Task brief:
Note on the material below: return exactly the lines from the line that holds "30 families were" through the line that holds "10月16日(9:00)唐山型钢厂角钢实时调价汇总", and leave out each picture.

[Opening Source information section]

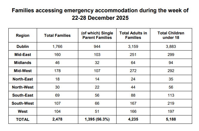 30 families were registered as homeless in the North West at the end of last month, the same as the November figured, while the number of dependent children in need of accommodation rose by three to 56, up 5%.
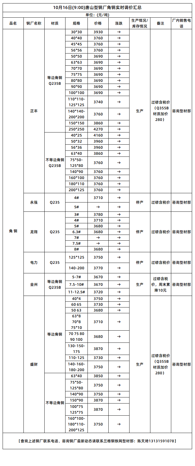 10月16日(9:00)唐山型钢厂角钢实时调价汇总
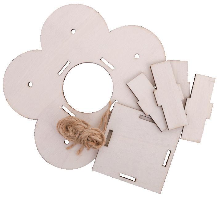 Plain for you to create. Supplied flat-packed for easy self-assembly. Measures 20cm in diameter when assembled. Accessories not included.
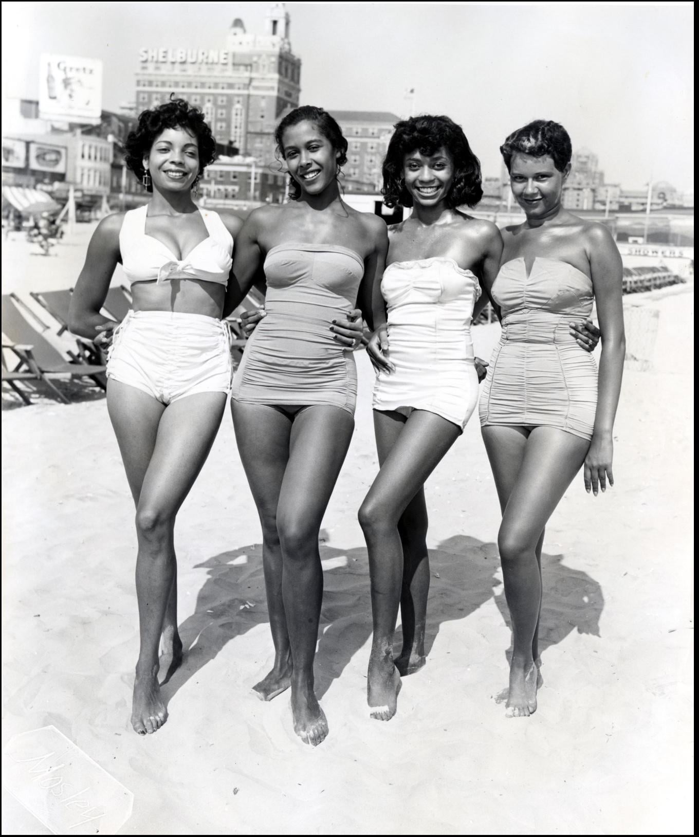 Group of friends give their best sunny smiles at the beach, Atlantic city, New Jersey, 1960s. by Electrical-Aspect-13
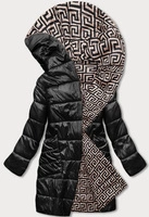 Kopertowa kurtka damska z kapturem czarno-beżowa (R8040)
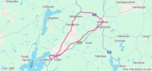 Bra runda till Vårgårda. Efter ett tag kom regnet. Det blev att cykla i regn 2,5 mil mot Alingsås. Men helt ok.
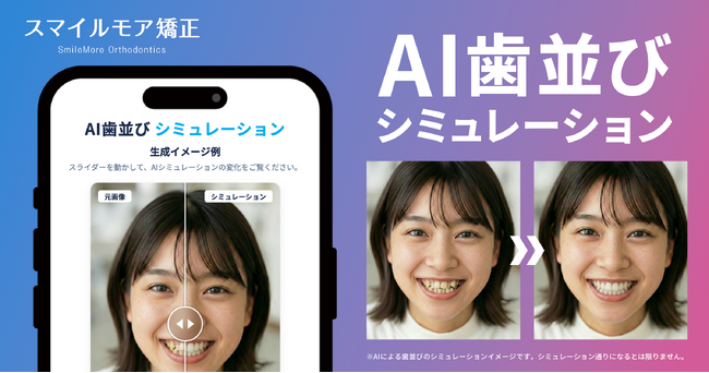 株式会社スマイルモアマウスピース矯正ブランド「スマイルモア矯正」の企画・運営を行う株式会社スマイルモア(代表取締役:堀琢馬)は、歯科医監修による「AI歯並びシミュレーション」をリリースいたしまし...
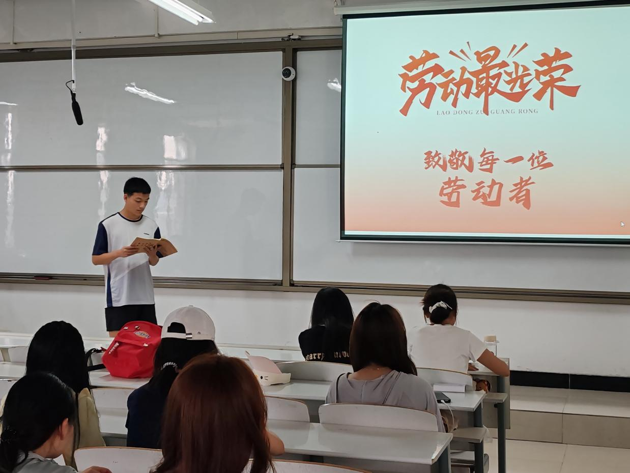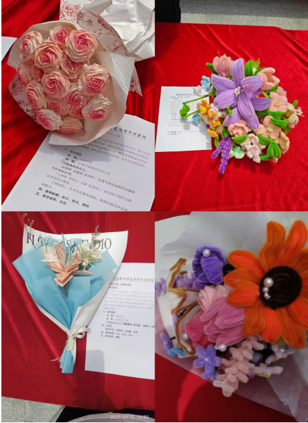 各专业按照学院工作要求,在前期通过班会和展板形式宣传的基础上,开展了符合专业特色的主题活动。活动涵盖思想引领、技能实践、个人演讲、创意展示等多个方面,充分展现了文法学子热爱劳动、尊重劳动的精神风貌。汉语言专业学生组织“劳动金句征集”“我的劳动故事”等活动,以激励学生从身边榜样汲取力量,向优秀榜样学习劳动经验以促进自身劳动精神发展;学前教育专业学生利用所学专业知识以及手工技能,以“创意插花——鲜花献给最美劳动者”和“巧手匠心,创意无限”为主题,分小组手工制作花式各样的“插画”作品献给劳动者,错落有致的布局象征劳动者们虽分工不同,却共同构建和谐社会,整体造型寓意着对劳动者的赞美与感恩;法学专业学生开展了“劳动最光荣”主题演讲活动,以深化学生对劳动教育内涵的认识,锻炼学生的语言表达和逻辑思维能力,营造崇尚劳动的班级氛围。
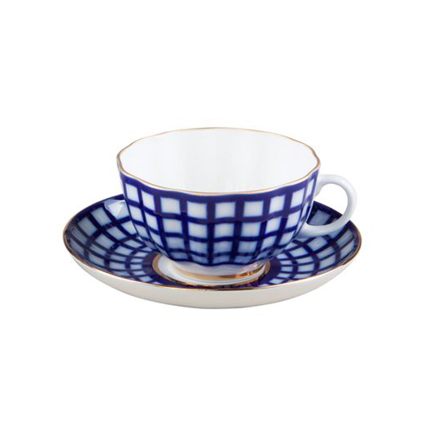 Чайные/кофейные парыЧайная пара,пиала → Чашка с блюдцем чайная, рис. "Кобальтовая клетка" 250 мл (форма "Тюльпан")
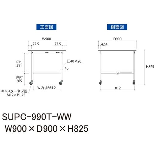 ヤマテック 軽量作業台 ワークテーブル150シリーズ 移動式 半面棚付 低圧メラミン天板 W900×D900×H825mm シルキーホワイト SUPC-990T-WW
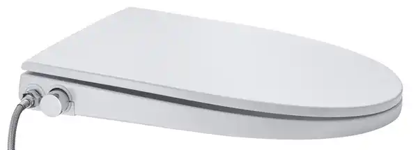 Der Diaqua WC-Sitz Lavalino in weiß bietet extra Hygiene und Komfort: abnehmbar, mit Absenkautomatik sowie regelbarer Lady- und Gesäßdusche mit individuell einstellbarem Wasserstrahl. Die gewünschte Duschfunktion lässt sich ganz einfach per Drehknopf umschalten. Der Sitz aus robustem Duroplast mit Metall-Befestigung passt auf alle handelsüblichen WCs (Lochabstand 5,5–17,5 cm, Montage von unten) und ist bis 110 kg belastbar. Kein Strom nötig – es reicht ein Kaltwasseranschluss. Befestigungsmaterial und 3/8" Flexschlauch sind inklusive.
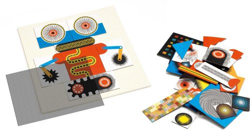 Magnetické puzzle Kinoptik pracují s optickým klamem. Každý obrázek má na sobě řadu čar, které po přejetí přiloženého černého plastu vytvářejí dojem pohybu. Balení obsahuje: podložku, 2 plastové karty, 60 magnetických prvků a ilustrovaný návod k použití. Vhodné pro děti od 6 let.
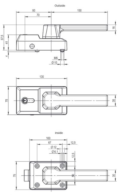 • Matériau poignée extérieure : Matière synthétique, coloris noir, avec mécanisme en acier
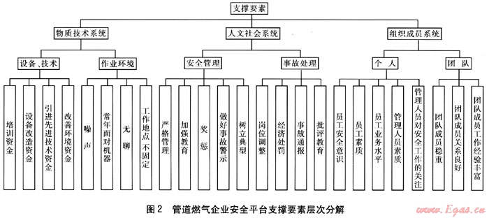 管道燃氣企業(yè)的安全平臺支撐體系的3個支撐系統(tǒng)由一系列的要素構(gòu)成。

[Closing Source information section]
[Opening Source information section]

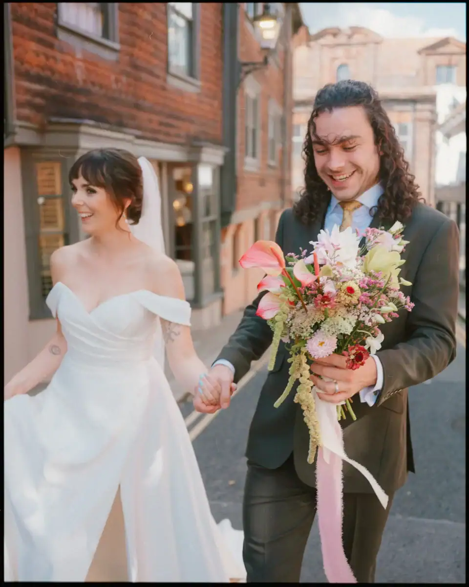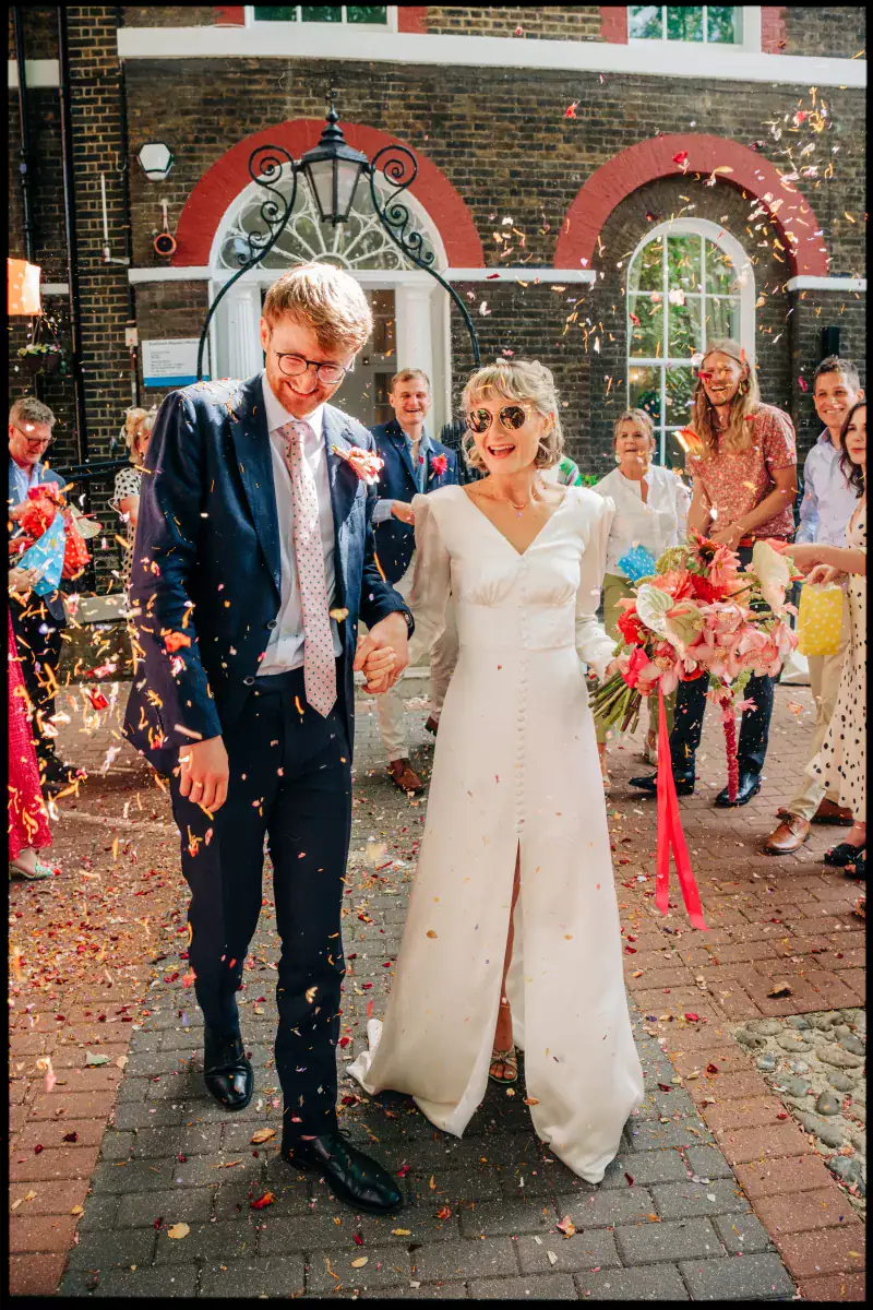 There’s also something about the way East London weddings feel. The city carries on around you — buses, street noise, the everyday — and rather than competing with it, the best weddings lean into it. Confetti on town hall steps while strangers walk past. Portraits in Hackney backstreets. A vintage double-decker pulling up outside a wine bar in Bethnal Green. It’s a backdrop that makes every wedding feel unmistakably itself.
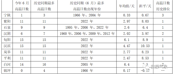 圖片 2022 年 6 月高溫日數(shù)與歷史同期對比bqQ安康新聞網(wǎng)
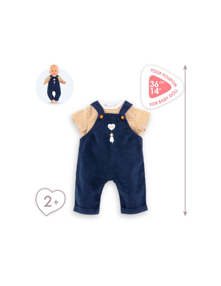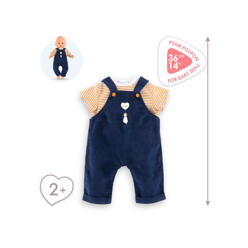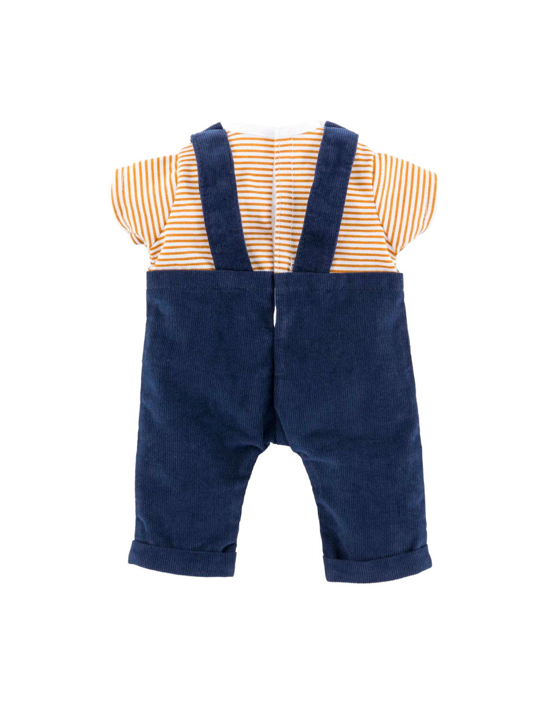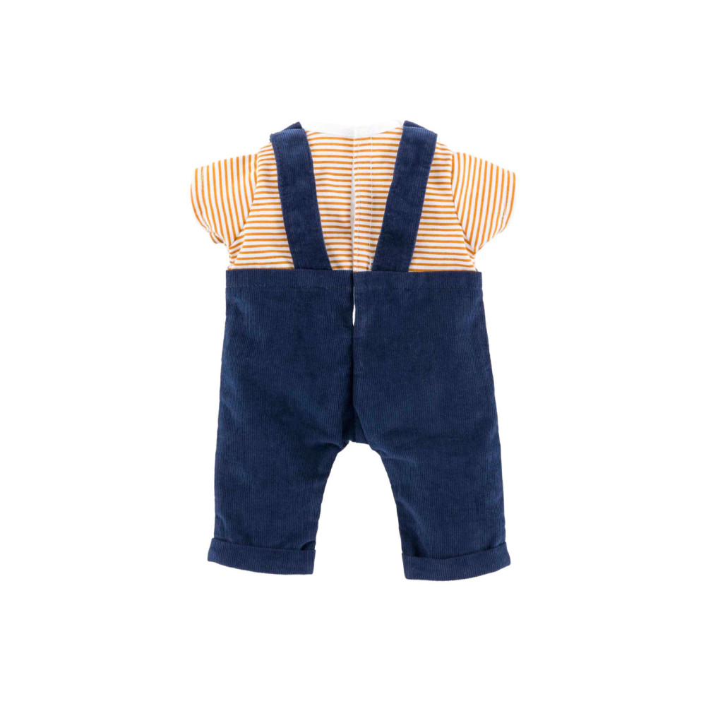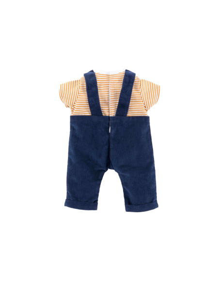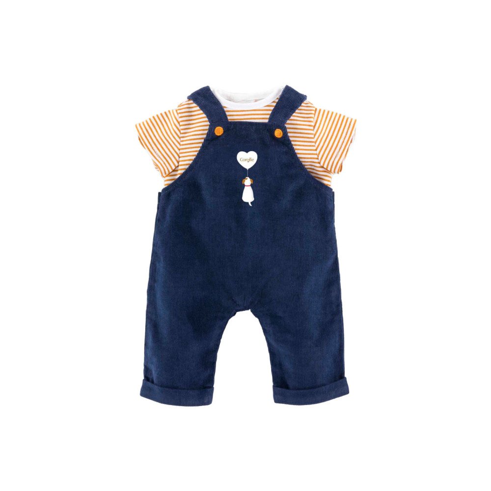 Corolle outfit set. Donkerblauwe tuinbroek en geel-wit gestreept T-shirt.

[Closing Source information section]

Solution:
 30 families were registered as homeless in the North West at the end of last month, the same as the November figured, while the number of dependent children in need of accommodation rose by three to 56, up 5%.
 10月16日(9:00)唐山型钢厂角钢实时调价汇总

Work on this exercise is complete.